静寂が訪れると、アドレナリンで麻痺していた思考が冷静さを取り戻していく。
手元には、契約したばかりの『レジデンス・アルゴス』の鍵がある。
(……はあ。どうしよう)
勢いで飛び出してきてしまったけれど、あのマンションは私が契約者だ。敷金も礼金も引っ越し費用でさえも、結構な額を私が払った。
なんで被害者の私がホテル暮らしで、加害者のあいつらが私の借りた部屋でぬくぬくしているのよ。
考えれば考えるほど腹が立ってくる。
(離婚という道しか残ってないのだろうか)
夫が浮気してもそれを許した友人の話をいくつか聞いたことがある。私もいずれ時間が経ち、健二の誠実な謝罪があれば彼を許す時がくるのだろうか。
それに、引っ越したばかりですぐに退去というのは、金銭的にも労力的にも痛手だ。違約金だってかかるかもしれない。
(ねぇ、どうしたらいい? 春斗)
健やかに眠る息子の顔を見てため息を漏らした。
スマホを手に取る。
時刻は深夜二時を回っていた。
画面には、健二からの着信履歴とLINEのメッセージが山のように届いている。『本当にごめん』『瑠奈には帰ってもらった』『許してほしい』という定型文のような謝罪の羅列。
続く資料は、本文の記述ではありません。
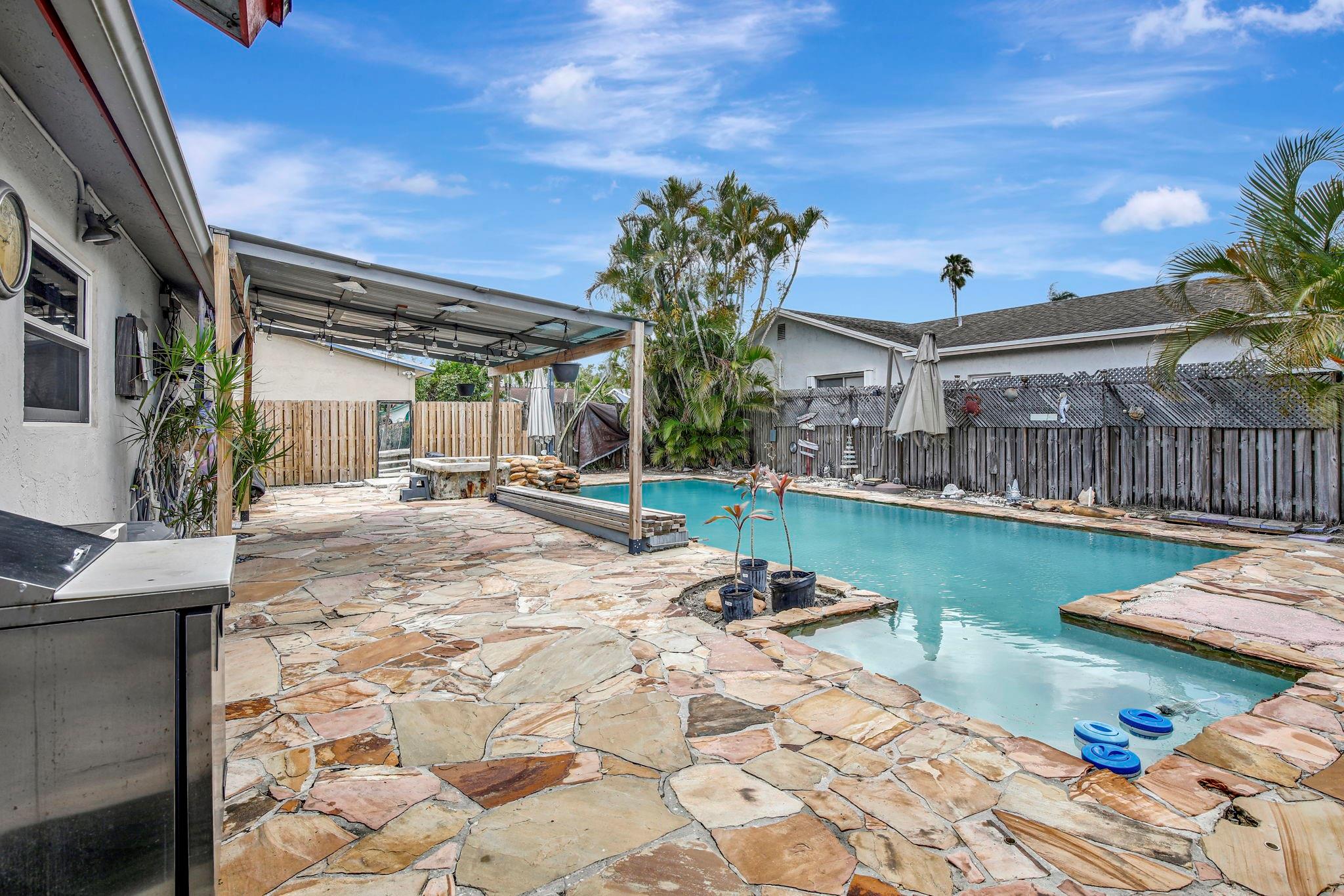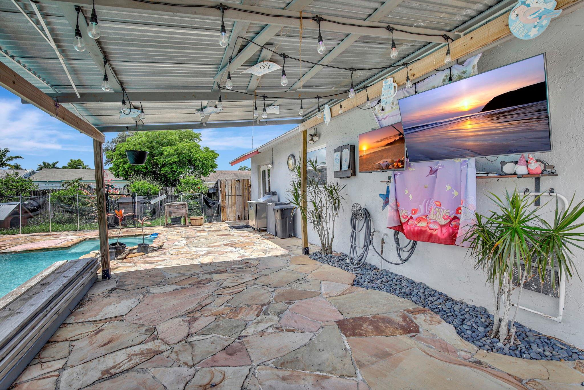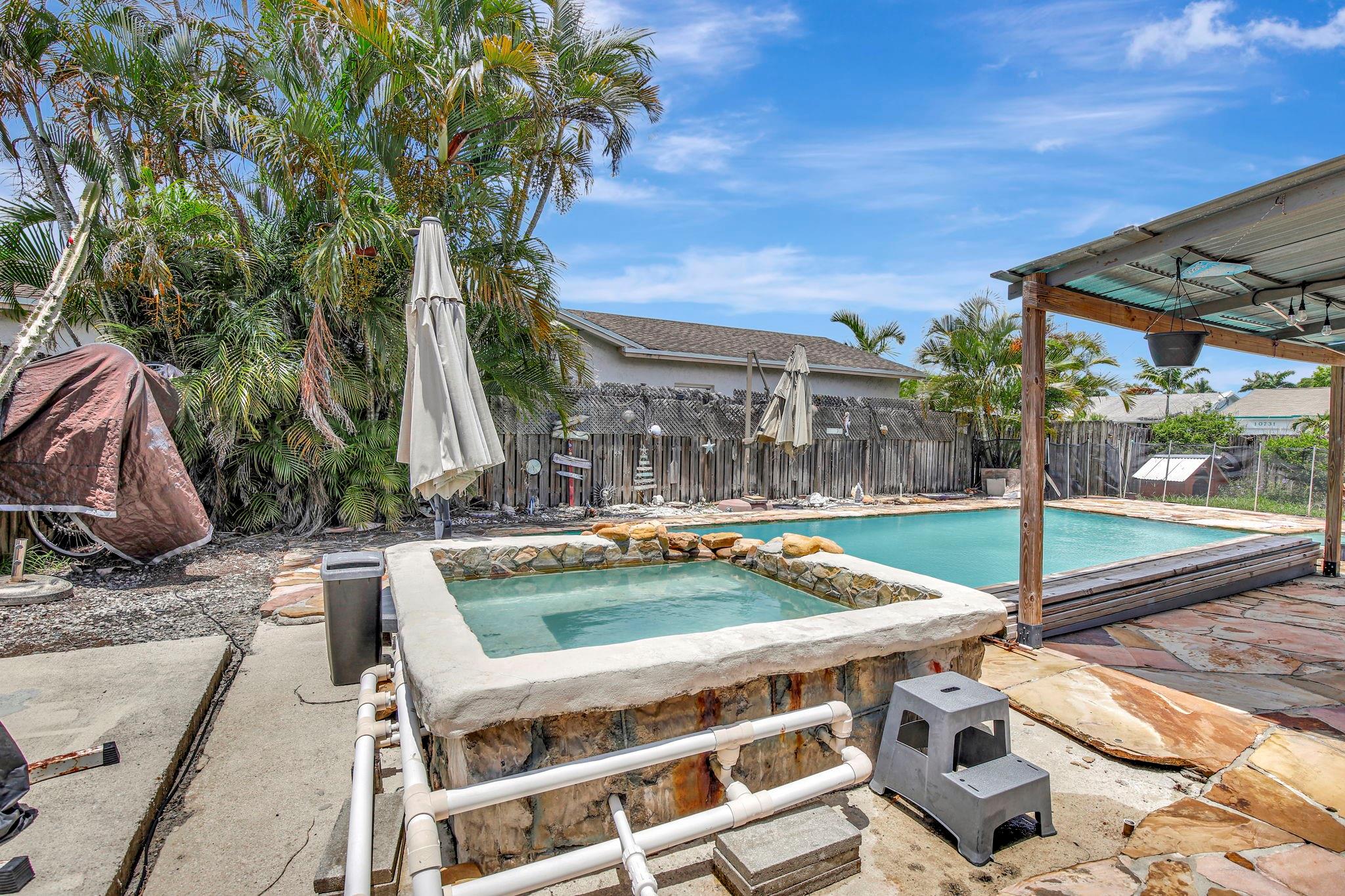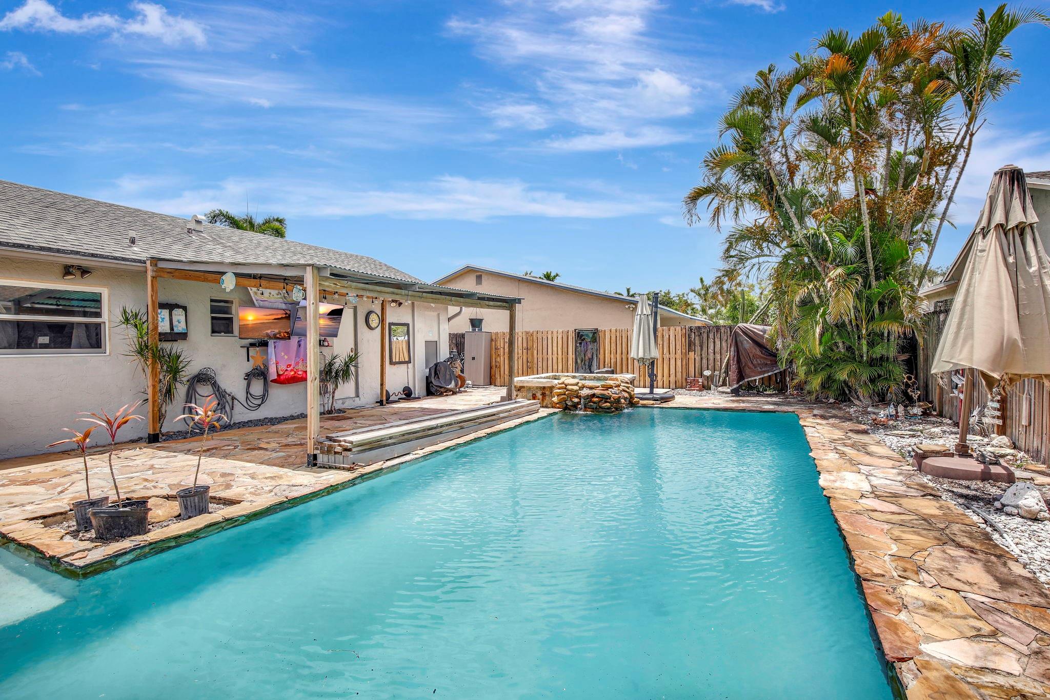 This 3/2 single-family home has spacious corner lot in a great location. Listed PARTIALLY FURNISHED shown, but negotiable and MOTIVATED SELLER. Artsy Colorful Family Fun Vibe or make it your own to fit your lifestyle. No HOA. Home Inspection done roof & a/c passed. Features heated pool and spa unique sandstone deck with door to bathroom. Outdoor covered patio to relax & entertain with Two Mounted TVs, deli-fridge, fenced backyard. Vaulted Ceiling living room encased with Pecky Cypress wood panels, mirrors, and brick. Remodeled kitchen has plenty of storage with 42” Cherry cabinets. Garage was partially converted into a versatile bonus space with its own separate entrance perfect for an office, guest, or potential rental income opportunity.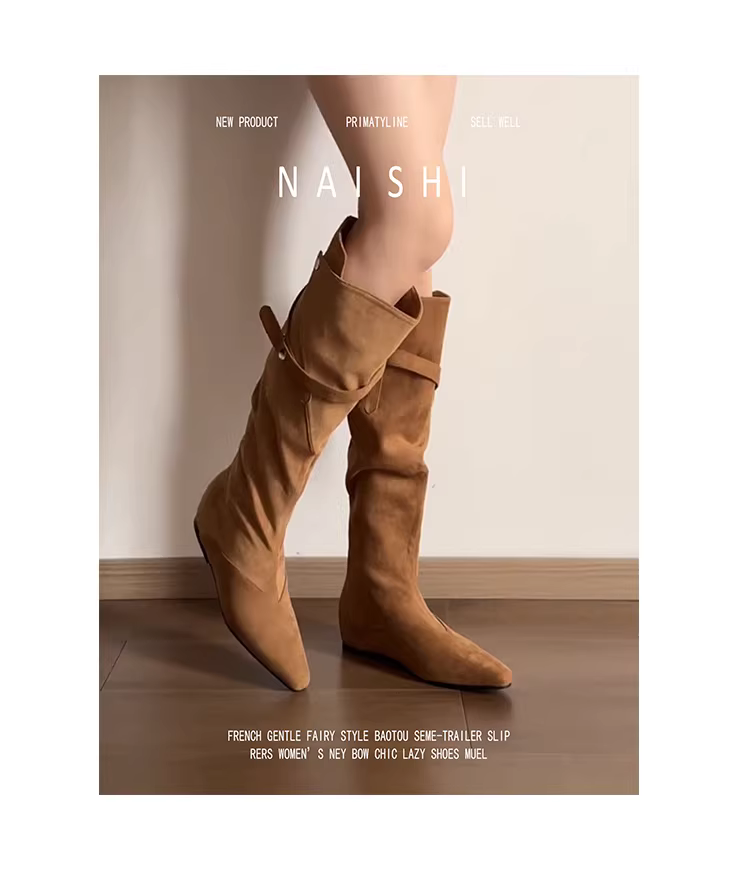 - Phiên bản da cừu! Giày cao bồi kiểu Maillard với thiết kế thời trang, giày cao cổ tăng chiều cao, giày cưỡi ngựa da lộn cổ điển dành cho nữ.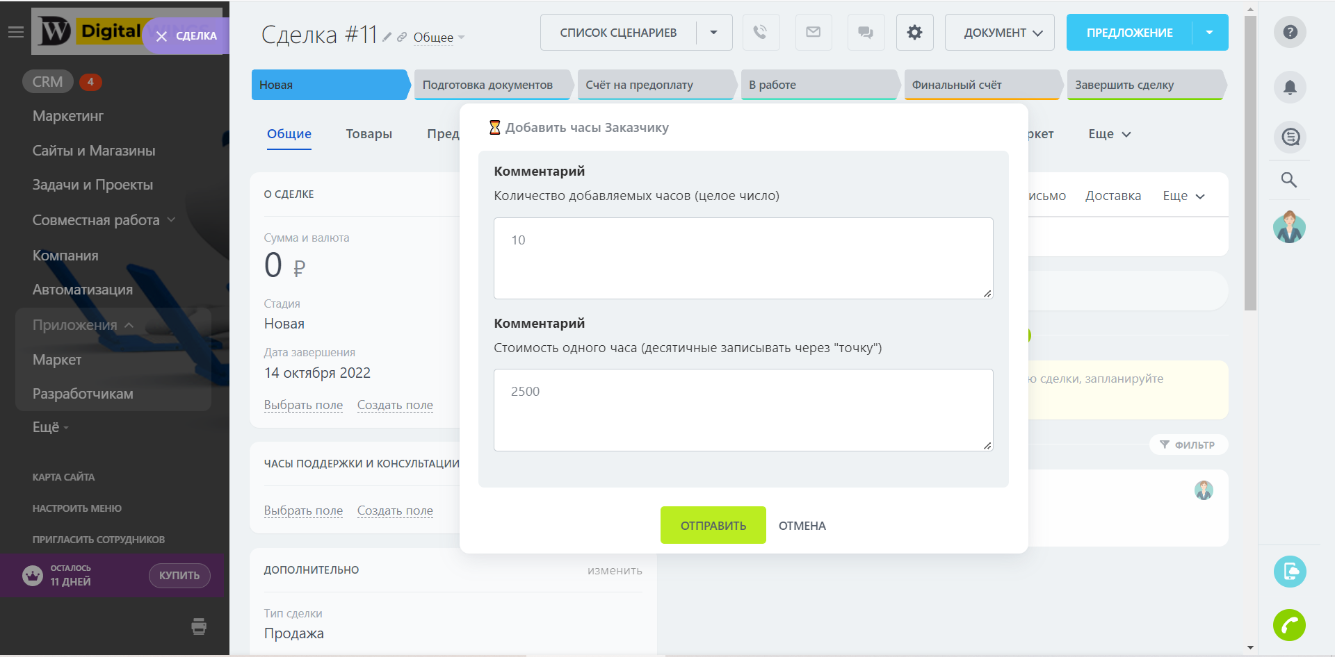 ⏳ Добавить часы Заказчику - Записывает (добавляет) в сделку количество оплаченных часов и стоимость одного часа.

一旦すべて無視して画面を閉じようとした時、また通知が来た。
『アルゴス・アイ』
《AI通知:本システムにて、未登録者の検知後にアクションがありません。あなたの身を案じております。問題ありませんか?》
どうやら、私の生命の危機を案じてフィードバッグを求めているようだ。よくできたシステムだ。
私が「問題ない」という回答ボタンを押そうとした時だった。
見守りカメラは起動したままらしく、画面には家の中の映像が流れていた。
それも、私が怒りでカメラを蹴り上げてしまったため、むなしく床に横たわり、リビングを映す画角だ。
そして、そこには、まだ、瑠奈が、いた。